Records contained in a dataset
----
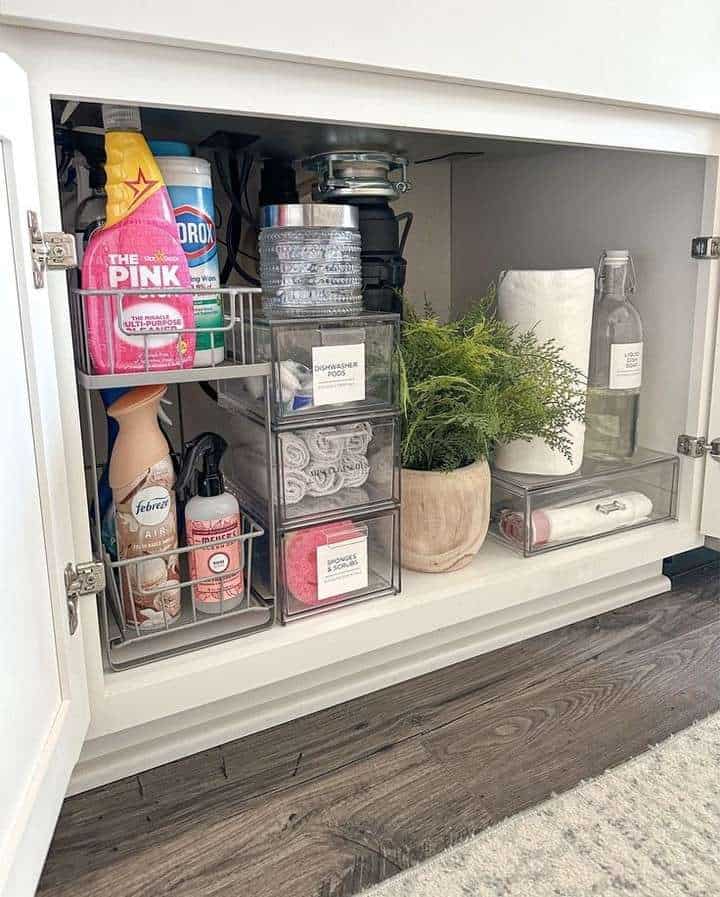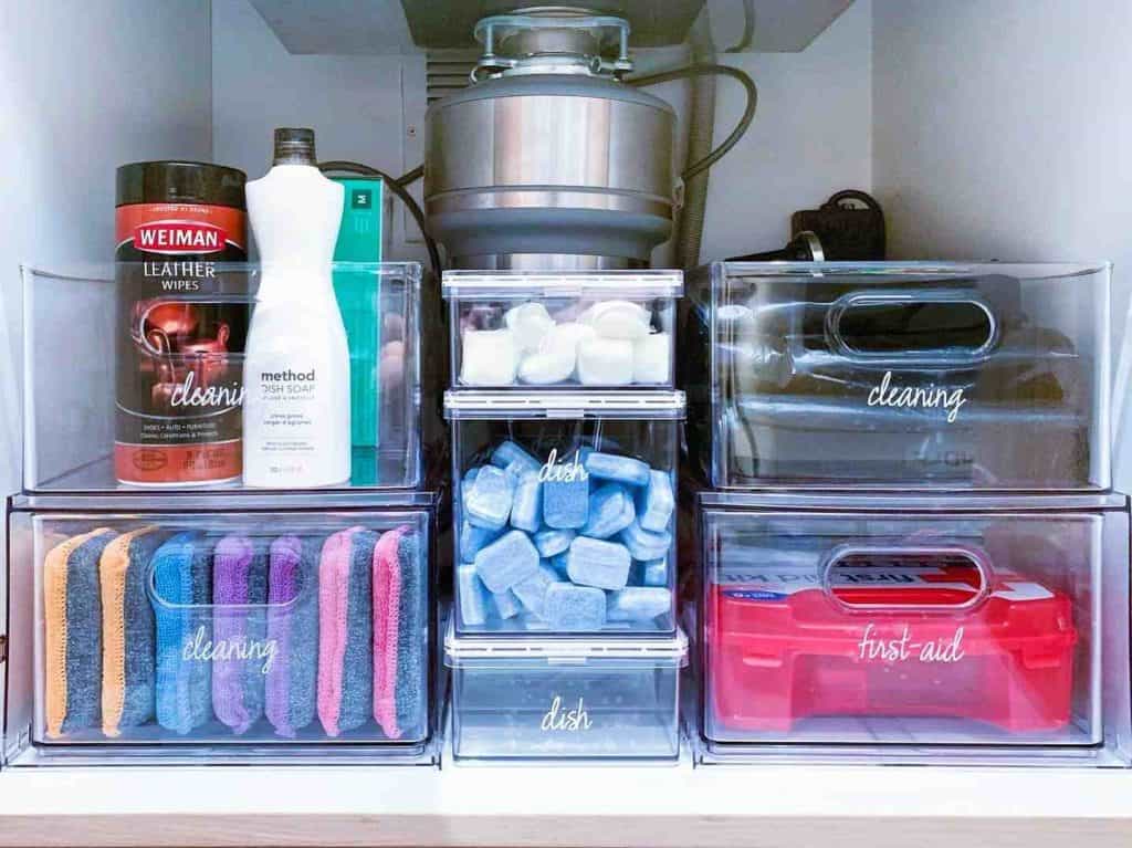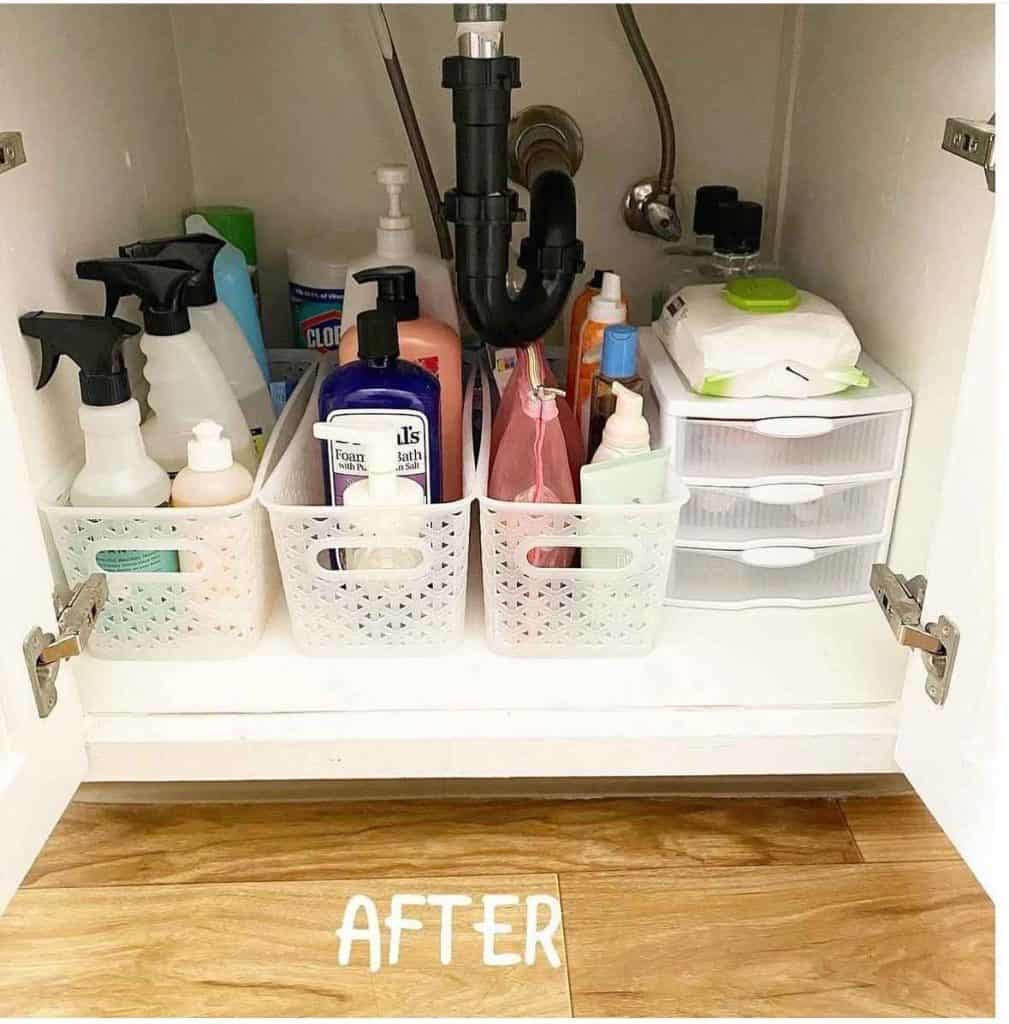 - No temporary items – if something does not belong under the sink, find its proper home immediately. There is no “temporarily” in that cupboard. Temporary is always permanent.
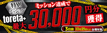 【3日目】全場対象ミッションに挑戦しよう 最大30,000円分のtoreta+のチャンス
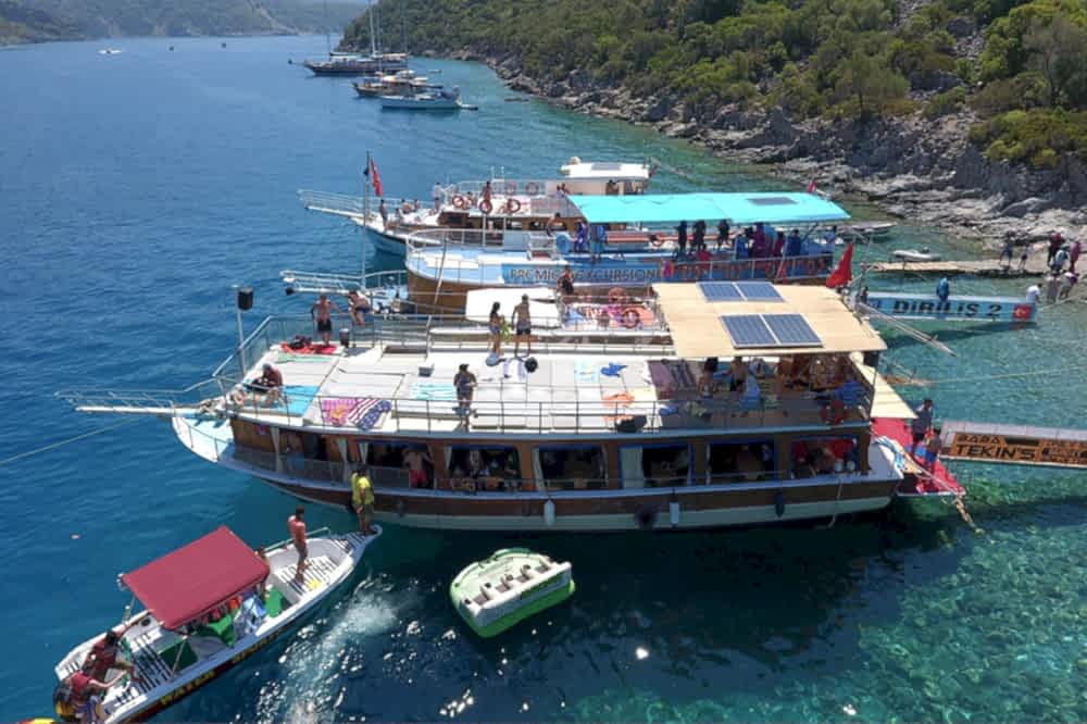 Fethiye’nin eşsiz Ölüdeniz plajında gerçekleşecek günübirlik tekne turları, tatilinize unutulmaz bir dokunuş katacak. Mavi Mağara, Kelebekler Vadisi, St. Nicholas Adası, Akvaryum Koyu, Soğuk Su Koyu ve Deve Plajı gibi özel noktaları ziyaret ederken, turkuaz suların ve masmavi koyların büyüleyici atmosferinin keyfini tüm gün boyunca çıkaracaksınız.
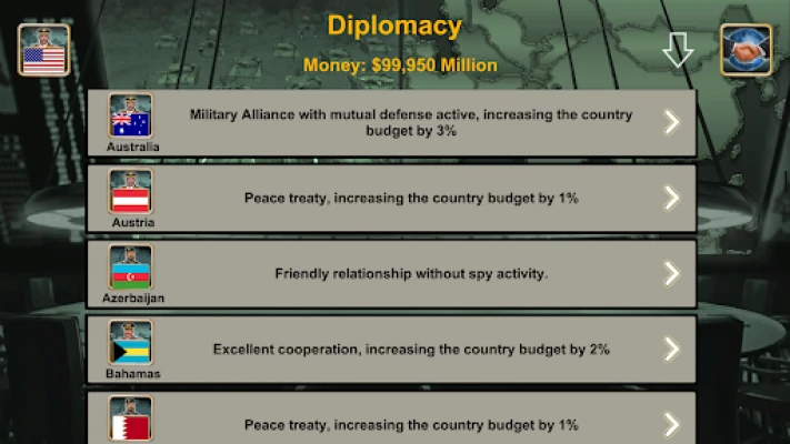 The game offers a wide range of features, including access to global Weapons Suppliers, a Spy Center, a War Room, Diplomats, the United Nations, an Economy system, Technology, and World News Distribution (Economy, Relations, Spy, and War). All this is powered by advanced Artificial Intelligence.
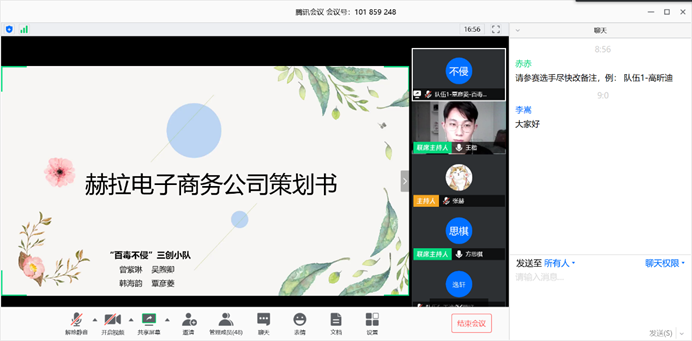 各队伍答辩结束后,参赛队伍与评委进行线上“面对面”交流,四位评委分别从创意理念、市场竞争,后续发展,平台优势等角度对参赛队伍进行提问,并针对不足之处提出建议,希望各参赛队伍能够积极完善项目,祝愿各队伍能够获得更好的发展。
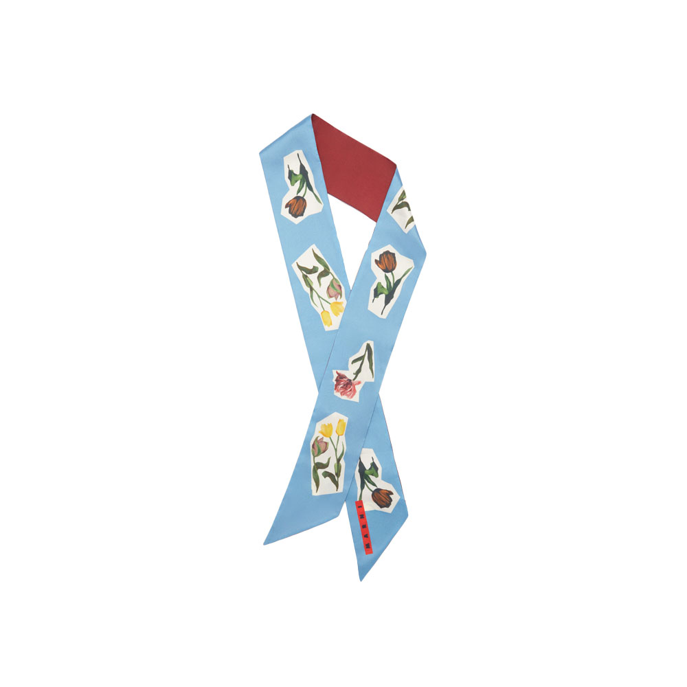 MARNI/マルニよりBLUE SILK SCARF WITH FLOWER COLLAGE ORANGEになります。
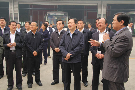 周本顺一行先后参观了钛酸锂电池生产车间、电动车焊装车间实地观摩,当他从银隆集团董事长魏银仓口中得知,该集团推出“零价供车、金融租赁、合同能源管理”运营方式,实现政府、公交、车企、金融四方互利共赢的新型商业模式时,周本顺连连叫好,称赞道:“这个模式值得推广。”
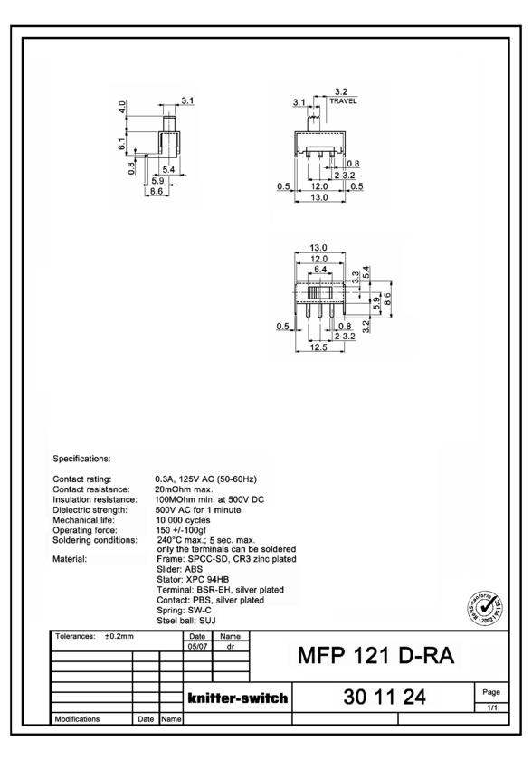 Switch Slide Side Slide 0.35A 30VDC 10000Cycle PC Pins Thru-Hole
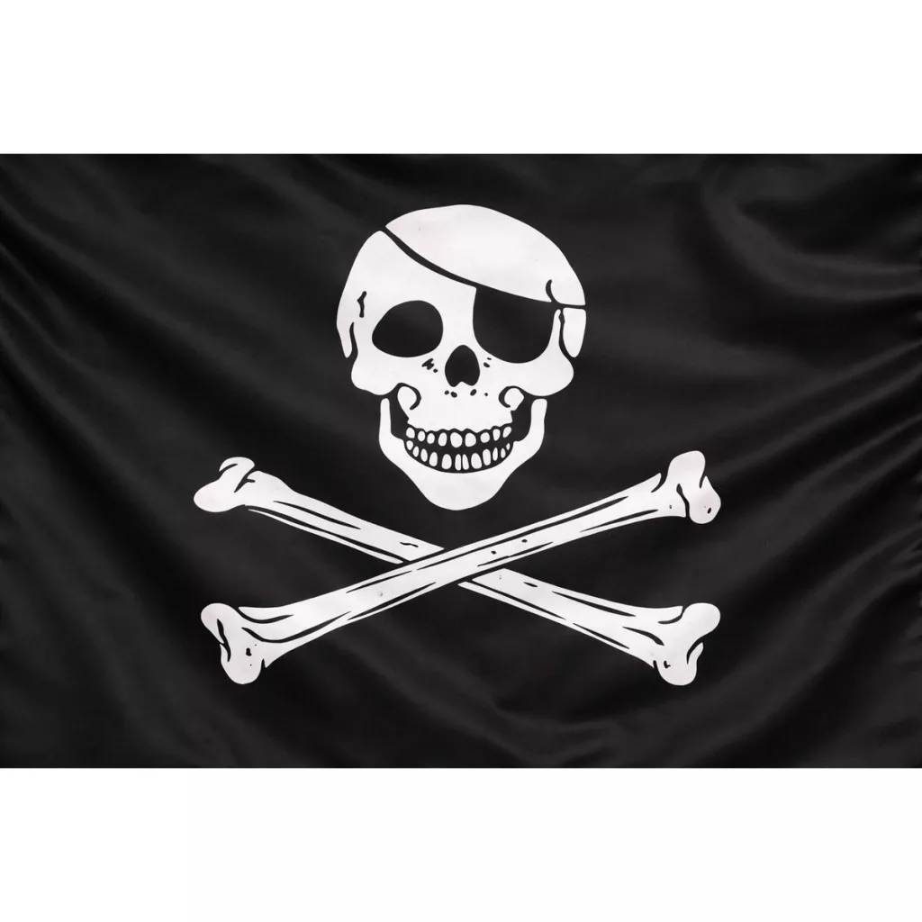 100% poliészter alapanyagú, kb. 90x150 cm méretű, karabínerrel felfűzhető félszemű koponyás lobogó.
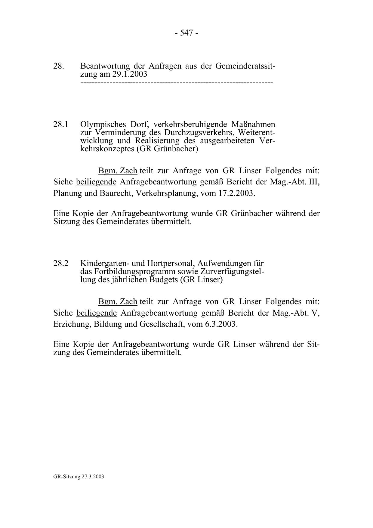 Beantwortung der Anfragen aus der Gemeinderatssitzung am 29.1.2003
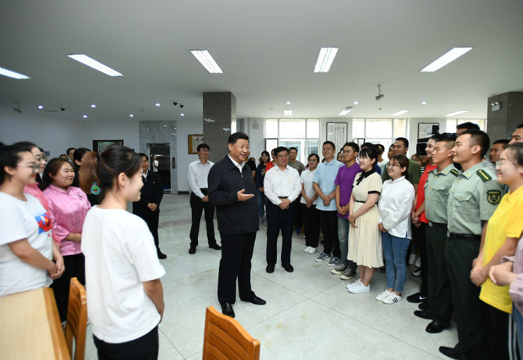 16日,习近平在位于呼和浩特市的内蒙古大学看望师生代表。
----
Problem details
Word for word, copy the lines from the one with "Beantwortung der Anfragen" through the end of the entries above, and do not include any picture.

Reply
 Beantwortung der Anfragen aus der Gemeinderatssitzung am 29.1.2003
 16日,习近平在位于呼和浩特市的内蒙古大学看望师生代表。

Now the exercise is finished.